Кто-то, но не ты — там, внутри.
Кто-то, но не ты.
Разумеется, за эту песню никто не бросил в короб ни гроша. Вот если бы я сбацал "Звезду по имени Солнце" — ее в Питере орут дурными голосами на всех углах — деньги посыпались бы как из рога изобилия.
— А эта песня тебе понравилась? — спрашиваю я у Жени, отдав гитару Волче.
— Да. Только я не понял, о чем она.
— Ну и хорошо, что не понял, — усмехнувшись, говорю я. — Рано тебе еще об этом думать.
Долог день до вечера, если делать нечего. На часах — двадцать два, на улице стемнело и заметно похолодало. Конец февраля — не самое злое время, но это ведь Питер, не забывайте.
На точке нас осталось только четверо.
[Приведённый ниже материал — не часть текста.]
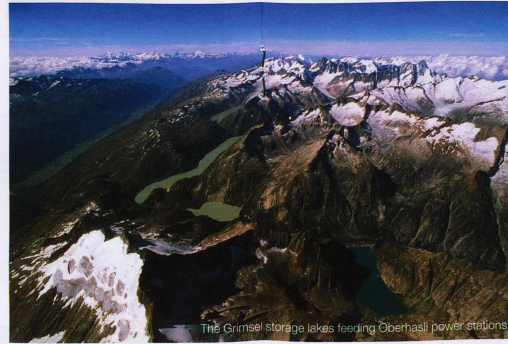
The Grimsel storage lakes feeding Oberhasli power stations

The uninitiated would certainly become hopelessly lost within this alpine labyrinth, with many parts only accessible on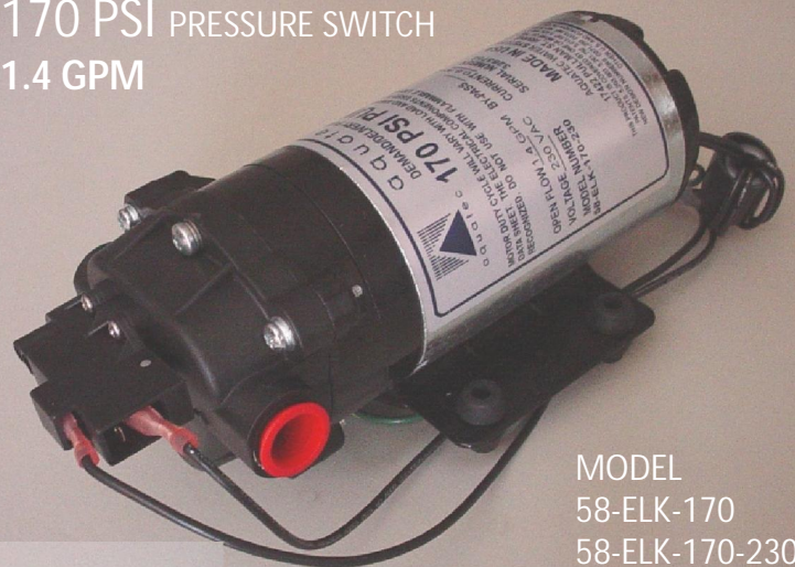
MODEL 58-ELK-170 58-ELK-170-230

220 PSI PRESSURE SWITCH THE HIGHEST AVAILABLE ON A DIAPHRAGM PUMP 1.4 GPM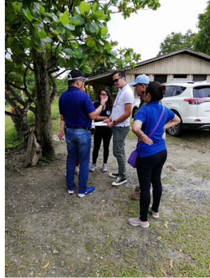
Site Inspection at Colonia Middle School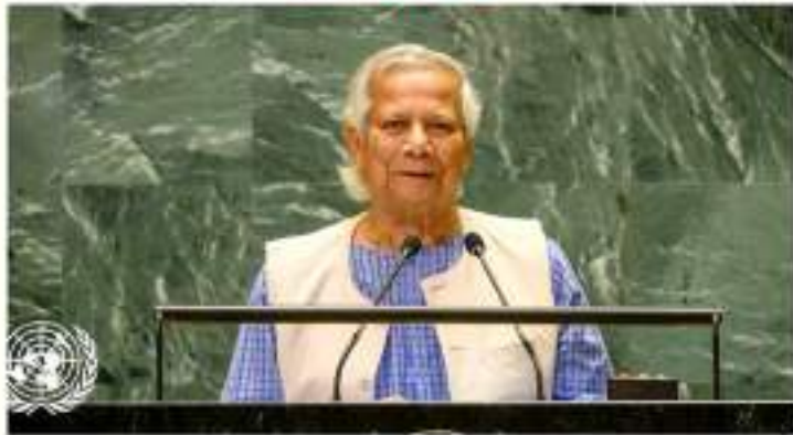
Chief Adviser addressing on the sidelines of the UNGA

Chief Adviser of the Interim Government of Bangladesh Professor Dr. Muhammad Yunus sought the international community's continuous focus on the Rohingya crisis and warned that the whole region, not just Bangladesh, could be in trouble otherwise. He was speaking at a high-level discussion on the Rohingya crisis held on the sidelines of the United Nations General Assembly (UNGA) on 27 September 2024 in New York. The Chief Adviser proposed that the international community revisit its approach to the Rohingya crisis, including, reenergizing the Joint Response Plan and supporting the justice and accountability mechanism. He said the UN Secretary General may convene an all-stakeholders' conference on the Rohingya crisis as soon as possible.

Я, Серж, маленький Женя и неожиданно вернувшийся Олег. Качок вернулся не один, а с бутылкой водки, которой мы втроем и согрелись. Я заметил, что мальчик при этом смотрел на нас весьма неодобрительно.
"Да, пьянство — это своего рода русское национальное проклятие, — думаю я. — Как для пьющих, губящих свою жизнь, так и для непьющих — ведь невозможно нормально существовать, будучи трезвенником среди "высокого собрания" пьяных рож. Остается только нажраться самому — просто чтоб быть на одной волне с окружающими".
Скоро уже разойдемся. Но что же делать с мальчишкой? Он, возможно, и нашел бы себе какой-нибудь ночлег, но вот, увлекся нашими песнями. Не оставлять же его на улице. Кто возьмет на себя благородную миссию защитника детей? Серега, думаю, не будет против, он и живет ведь буквально в двух шагах. Но вот жена его… Она вряд ли это поймет. А Олег… Олега я слишком мало знаю.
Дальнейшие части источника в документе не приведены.